Me provoca la luna...
No estoy pendiente de nuestra cita habitual y siempre me sorprende. Parece que la lengevidad de su existencia le ha dado toda la sabiduría necesaria para reinventarse cada vez y parecerme nueva aunque sepa que es la misma; es la misma que en la plenitud de su circunferencia muestra su cara más brillante con alevosía, inundando de luz todo el espacio y reflejando su encantadora brillantez sobre el esplémdido mar que parece aquietarse, cómplice al fin, para poner a disposición toda su superficie a la vista y encender aún más el ya confuso embrujo de la luna sobre mi.
Y no discuto. No cuestiono. No me importa. ¿Para qué luchar contra el imposible?

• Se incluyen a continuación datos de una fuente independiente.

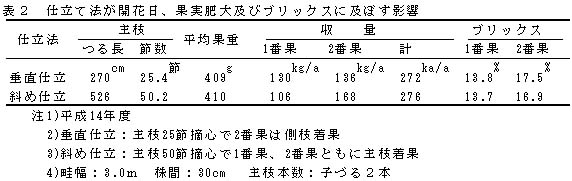 表2 仕立て法が開花日、果実肥大及びブリックスに及ぼす影響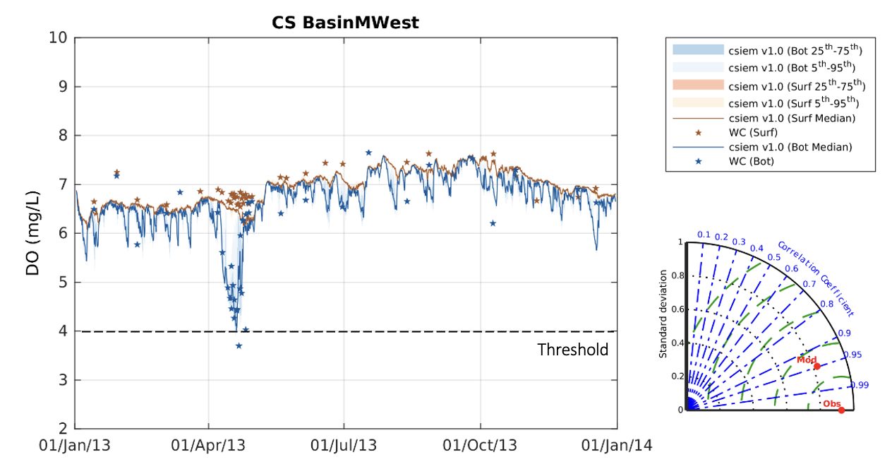 Therefore, risks associated with oxygen depletion reflect the interaction between transient density stratification, benthic oxygen demand, and near-bed density structure, rather than persistent or system-wide water-column separation. For the purpose of assessing model’s ability to resolve these dynamics (Figure 12.6), we seek to replicate the “event-scale” behaviour when low oxygen risks occur.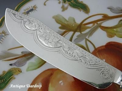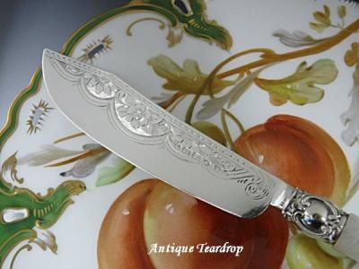 ナイフ部分には、可憐な花の彫り込み装飾が施されています。

A fin de cuentas, me encanta lo que hace; juega conmigo y me convence. Ella sabe que no soy capaz de resistirme a sus encantos; detona mis sentidos, nutre mi esencia y hace que mi espíritu aletee a la par que mi imaginación, en un torbellino de ideas creativas y emociones que bullen transportándome a estados elevados, en otra dimensión tal vez, donde solo soy capaz de escuchar el rumor del mar, mientras la luna, esa pícara luna, intenta decirme una y mil cosas.

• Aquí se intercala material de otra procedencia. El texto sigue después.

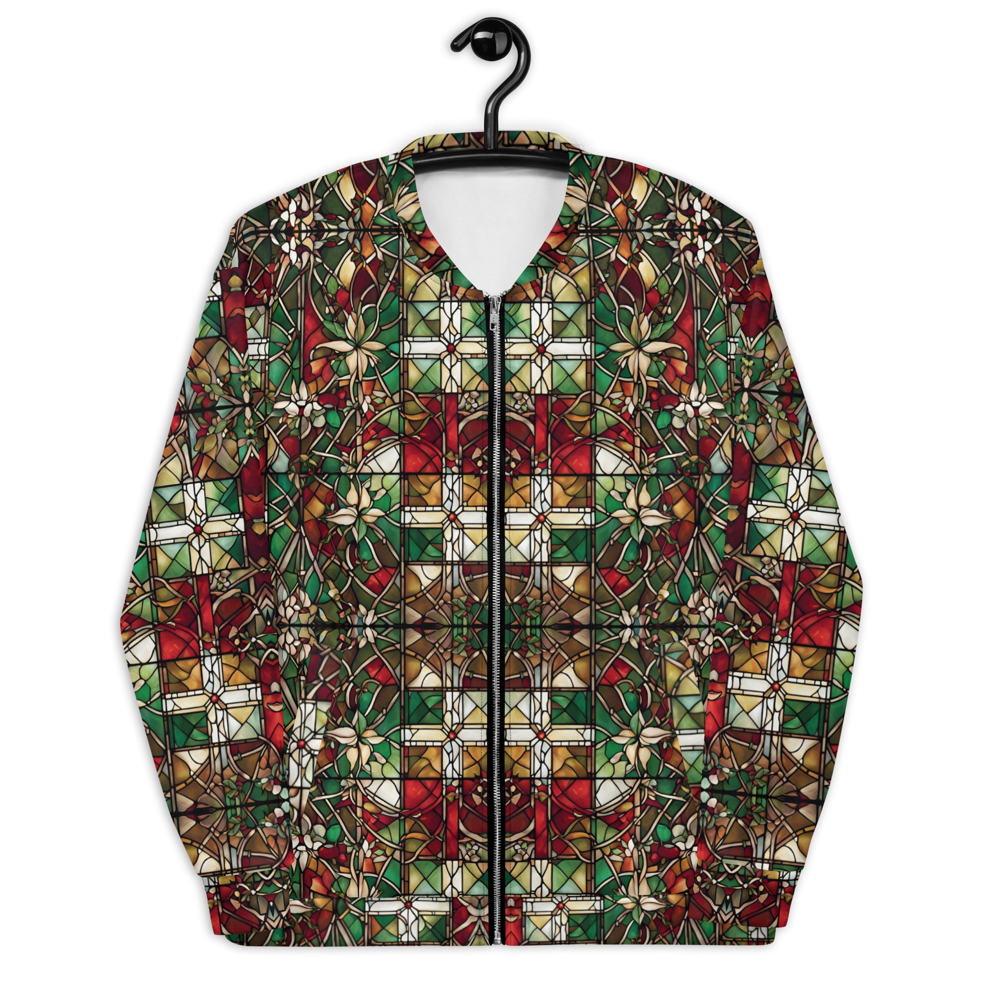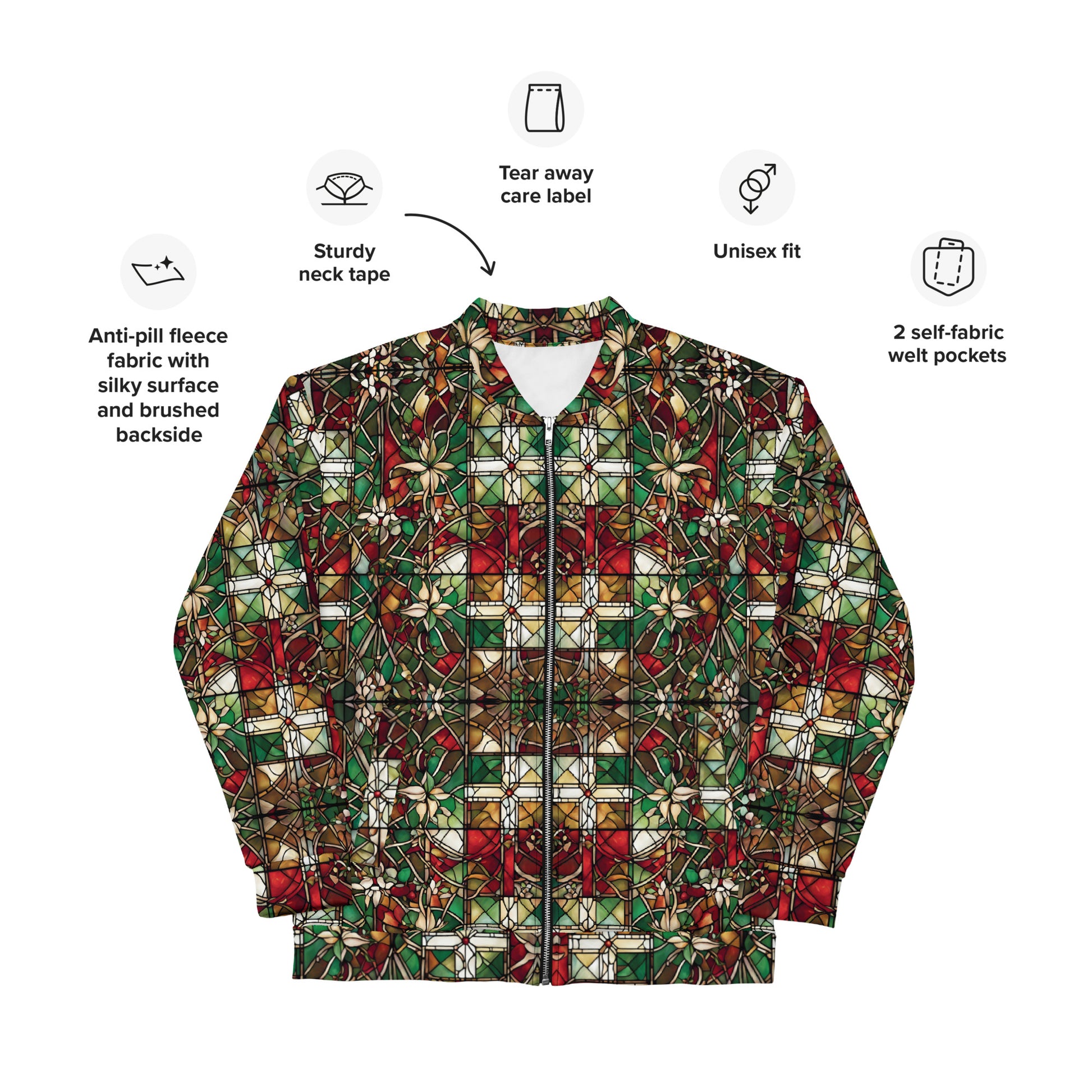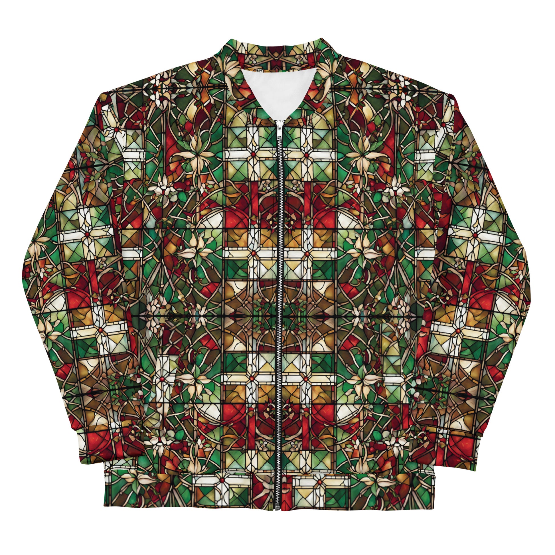 Add zing to your holiday wardrobe with this vibrant Red & Green Highlands Bomber Jacket. Featuring an all-over print inspired by tartan and stained glass, it pairs effortlessly with a t-shirt or hoodie. With brushed fleece inside and a relaxed unisex fit, this jacket is as cozy as it is stylish—grab yours before it’s gone!

Tal vez por ello entiendo por qué dicen tantas cosas sobre el influjo de la luna en las mareas y en las personas, natural; ¿quién podría resistirse? ¿Acaso no es un privilegio ser capaces todavía de arrobarse con su cara y su luz?
La quietud de su imagen se contrapone a la magnificencia de su existencia, que expresa a gritos cuán impresionante es el Universo y cuán pequeña quisiera una sentirse para dejarse acunar en los brazos de la luna, abandonándose al influjo de su magia y volar más allá de la realidad, allende los sueños que se renuevan en cada suspiro.
Luego, como si quisiera dejar sabor a boca, desaparece poco a poco dejándome resignada y expectante hasta nuestro próximo encuentro.